**The problem**
Every line from the one with "Download this time" to the end of the listing, and nothing else, is to be printed exactly; please leave the pictures out.
━━━ Source material
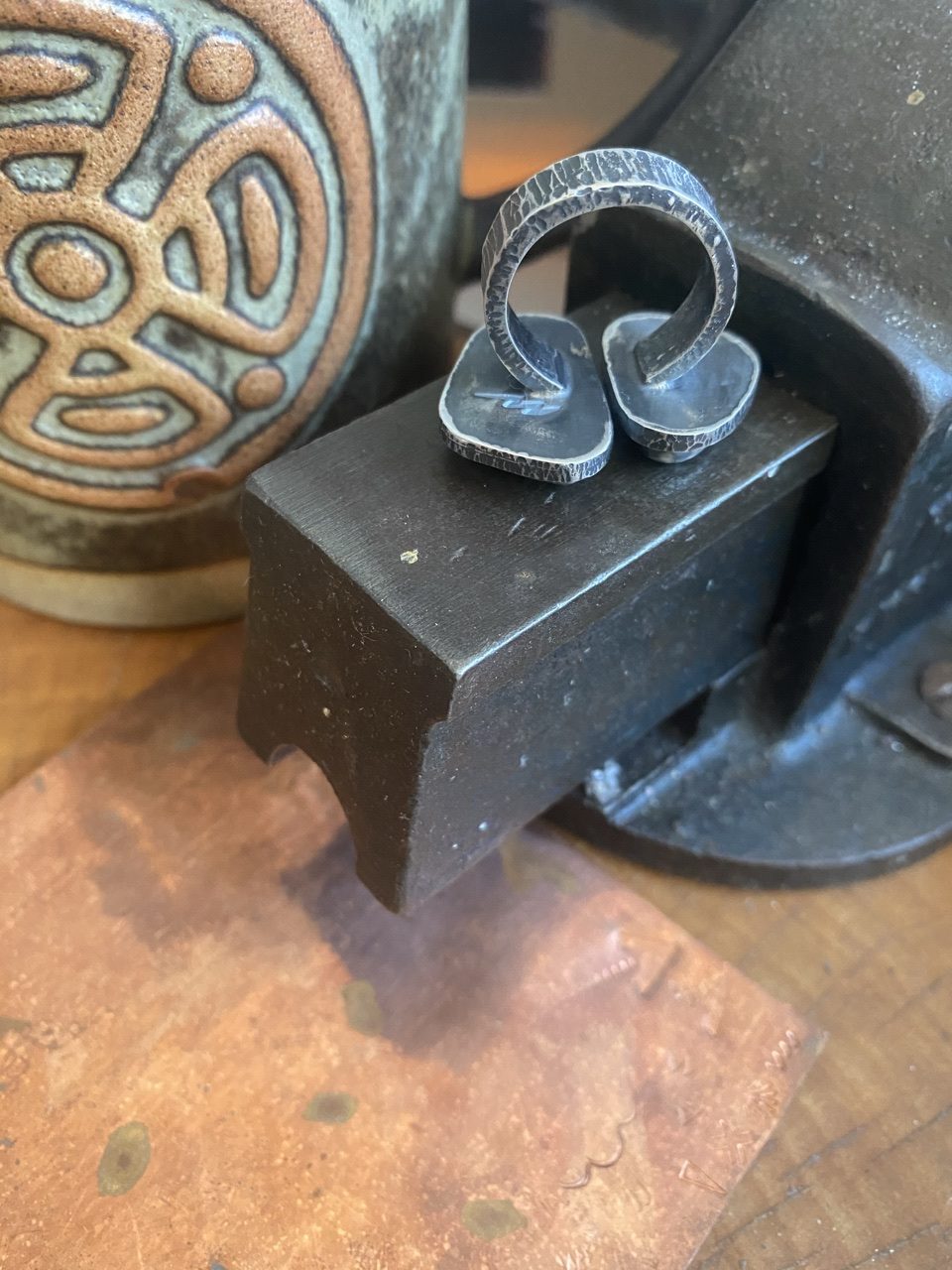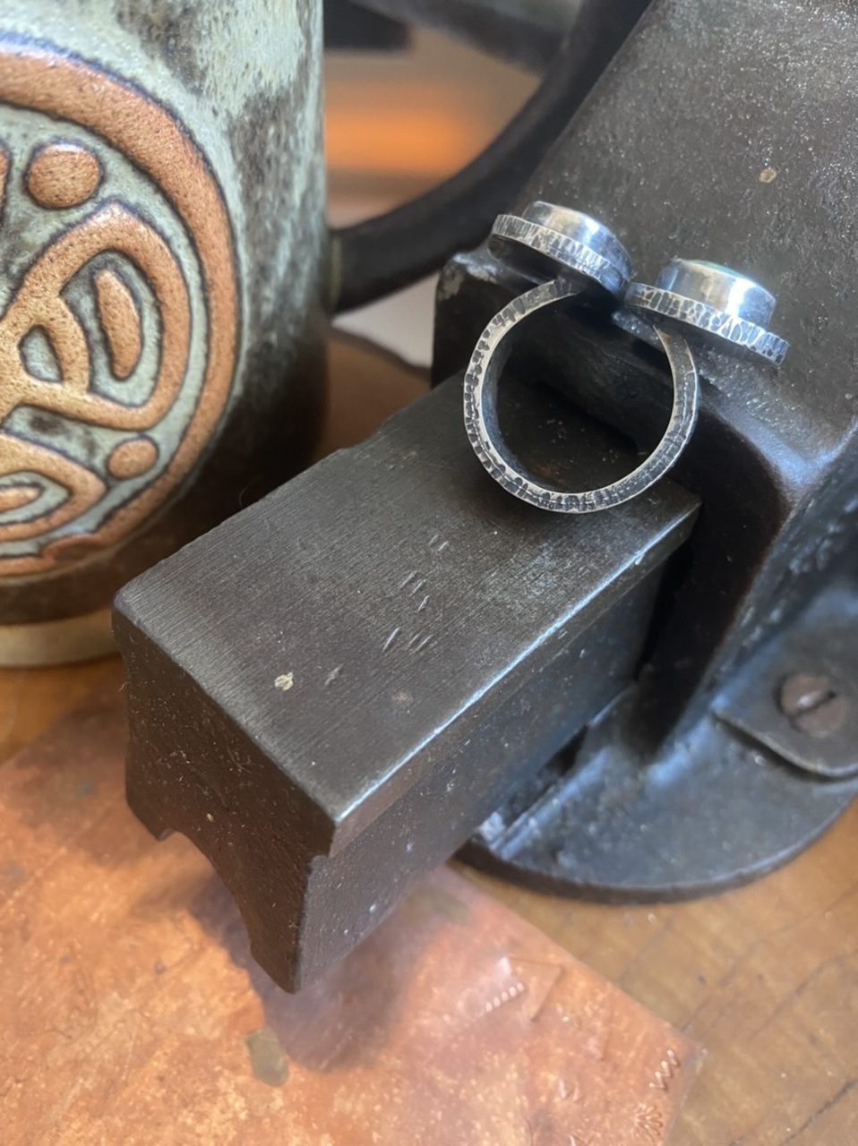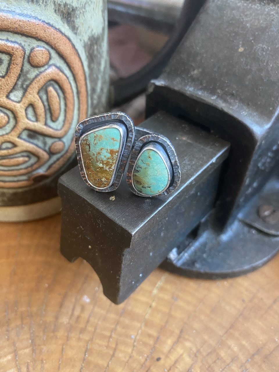 Chunky primitive torque style sterling silver and double Kingman turquoise ring.
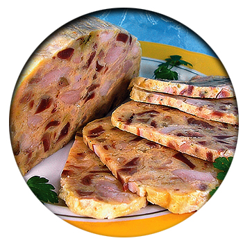 - Подготовленный язык уложить в форму. При укладке прослоить разобранными кусочками мяса и жира. Можно сдобрить перцем, чесноком, специями в зависимости от вкуса. Для лучшего склеивания перед укладкой в форму каждый кусочек языка смочить в желатиновом растворе.
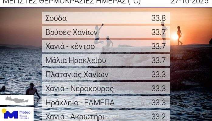 Άγγιξε τους 34 βαθμούς η μέγιστη θερμοκρασία στη βόρεια Κρήτη
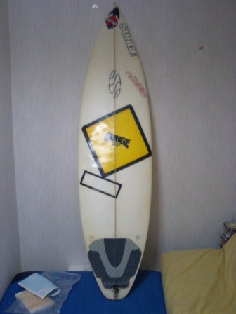 アップするの忘れてました。最近購入したサーフボードっす。メーカーは良くわかりませんがスノボで言うバートンやサロモンクラスではないことは確かです。大御所クラスのメーカーは調べたところ多分ですが’アルメリック’’シークエンス’その辺だと思います。まだ良くわかってないのであしからず・・・。そして購入して半月経過しますがまだ波乗りしてません。
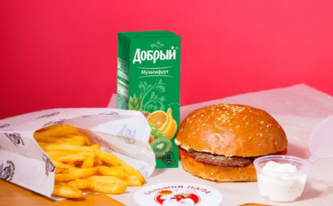 Гамбургер, картофель фри (малая порция), соус фирменный, сок 0.2л
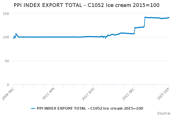 Download this time seriesPPI INDEX EXPORT TOTAL - C1052 Ice cream 2015=100
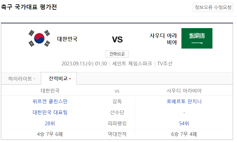 대한민국 vs 사우디아라비아 축구 국가대표 경기 중계
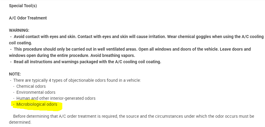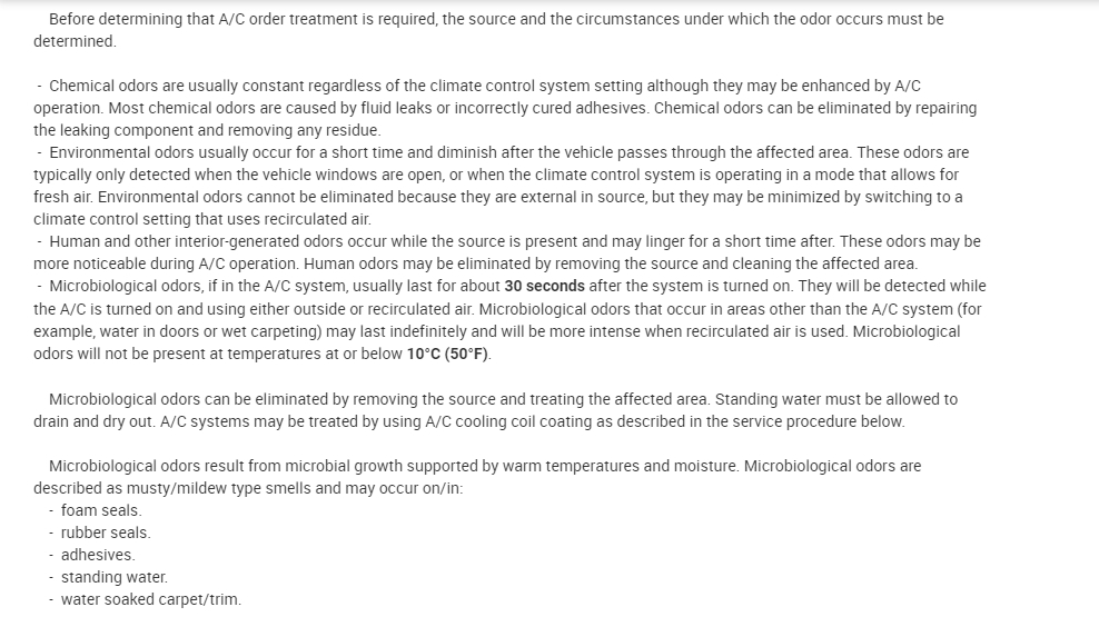 My dad took the car to the dealership a couple of times over this issue. From the one invoice I saw, they would clean the interior and do some kind of deodorizing step and return the car. It never helped, and the car just sat in the garage.
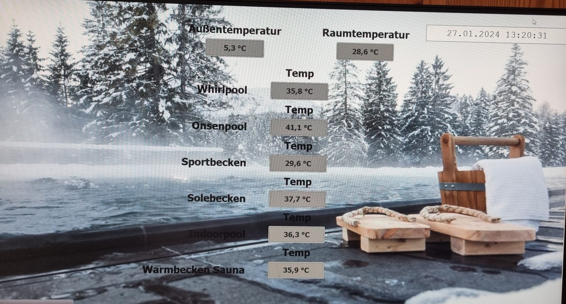 Wellnessbereich, Angabe der Temperaturen der Pools
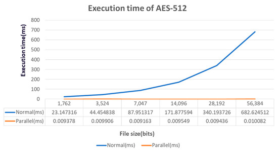 Execution time of normal AES-512 and parallel AES-512.
━━━━━━
**Solution to the problem**
 Download this time seriesPPI INDEX EXPORT TOTAL - C1052 Ice cream 2015=100
 대한민국 vs 사우디아라비아 축구 국가대표 경기 중계
 My dad took the car to the dealership a couple of times over this issue. From the one invoice I saw, they would clean the interior and do some kind of deodorizing step and return the car. It never helped, and the car just sat in the garage.
 Wellnessbereich, Angabe der Temperaturen der Pools
 Execution time of normal AES-512 and parallel AES-512.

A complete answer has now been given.